Edited by Revolutsio
found a work through

That means your query failed.  output the error message that comes from the query call.

Sorry - that was partly my fault.  I only use PDO, not mysqli and so my function name was incorrect.

BTW  pdo is a much better interface.  If you are a noob I strongly suggest learning pdo instead of mysqli

Edited by ginerjm

would you like to see the config code or index code?

 

here is the error i get when i run the code

Quote

Fatal error: Uncaught Error: Call to undefined method mysqli_result::fetch() in G:\xampp\htdocs\Columns\Index.php:51 Stack trace: #0 {main} thrown in G:\xampp\htdocs\Columns\Index.php on line 51

 

Edited by Revolutsio
10 minutes ago, Revolutsio said:

undefined method mysqli_result::fetch(

it means that there is no fetch() method.
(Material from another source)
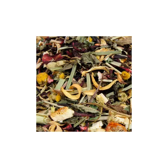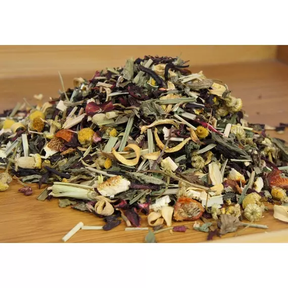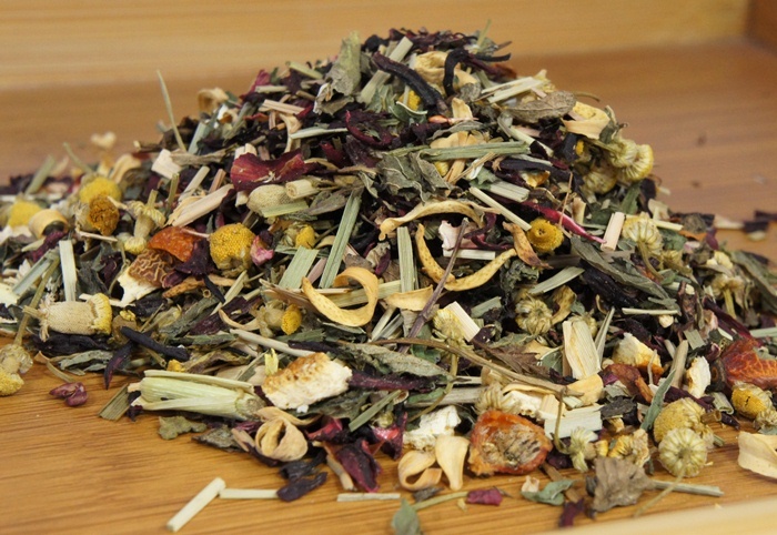 Травяной чай ароматный и полезный напиток, в состав которого входят мята, мелиса, плоды шиповника и аронии, цедра апельсина, лимонная трава, листья клубники, цветы ромашки и каркаде. Французы называют такие смеси «tisane» и относят к разряду фиточаев.
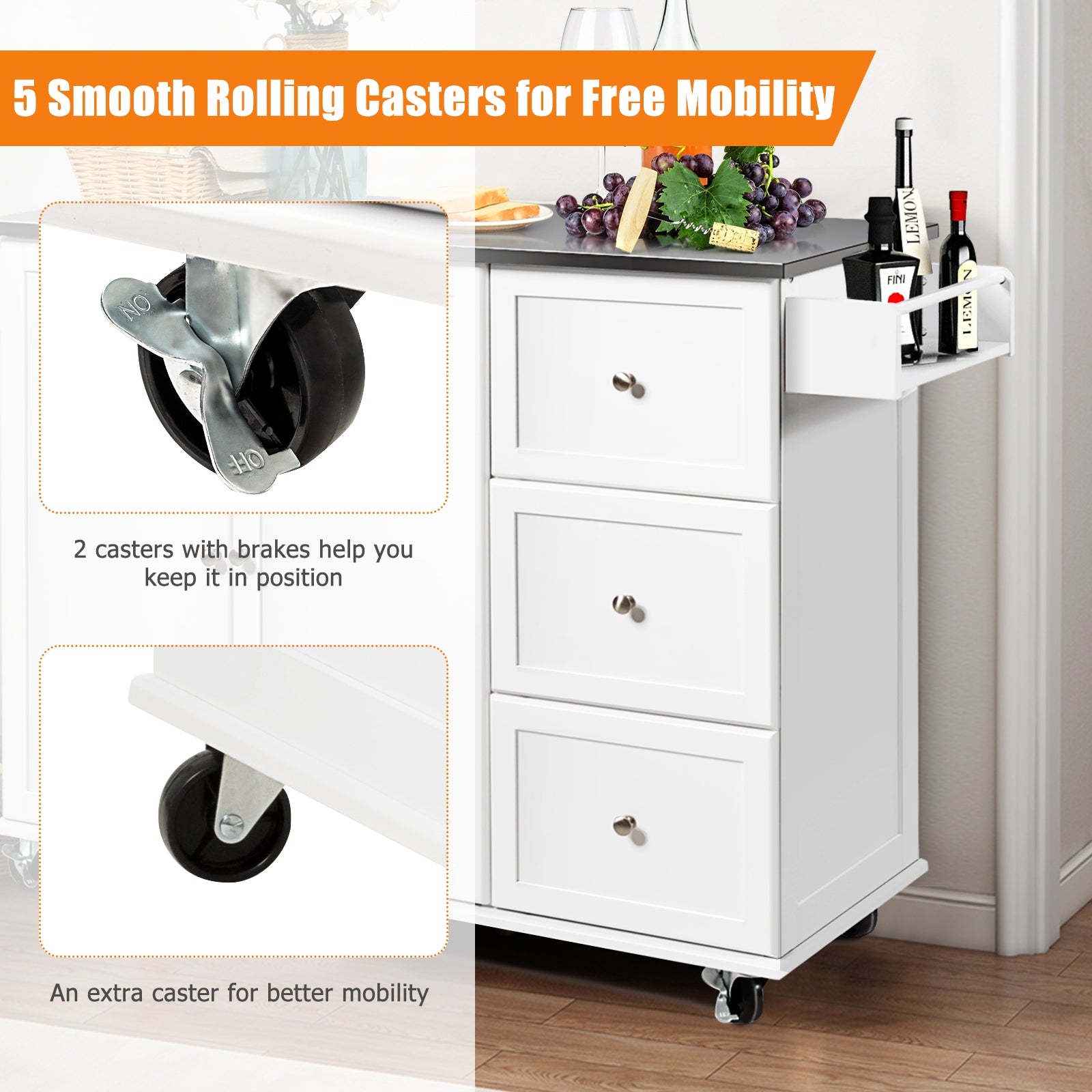This kitchen cart features a durable stainless steel countertop designed for long-lasting use and easy cleaning. Its wide surface provides ample space for food preparation, while two adjustable storage shelves accommodate various kitchen supplies. The cart includes three spacious drawers to keep items organized and classified. Equipped with five smooth-rolling wheels, including two with brakes, it offers excellent mobility and stability. Additional features such as a spice storage shelf and towel rack provide convenient access to essential items. Ideal for both kitchen and dining room, this cart helps maintain a neat and attractive environment.

if you are going to use a while(){} loop, you would use the fetch_array() method.

if you are going to use a foreach(){} loop, you can directly iterate over the rows in the result set.

1 minute ago, mac_gyver said:

it means that there is no fetch() method.

if you are going to use a while(){} loop, you would use the fetch_array() method.

if you are going to use a foreach(){} loop, you can directly iterate over the rows in the result set.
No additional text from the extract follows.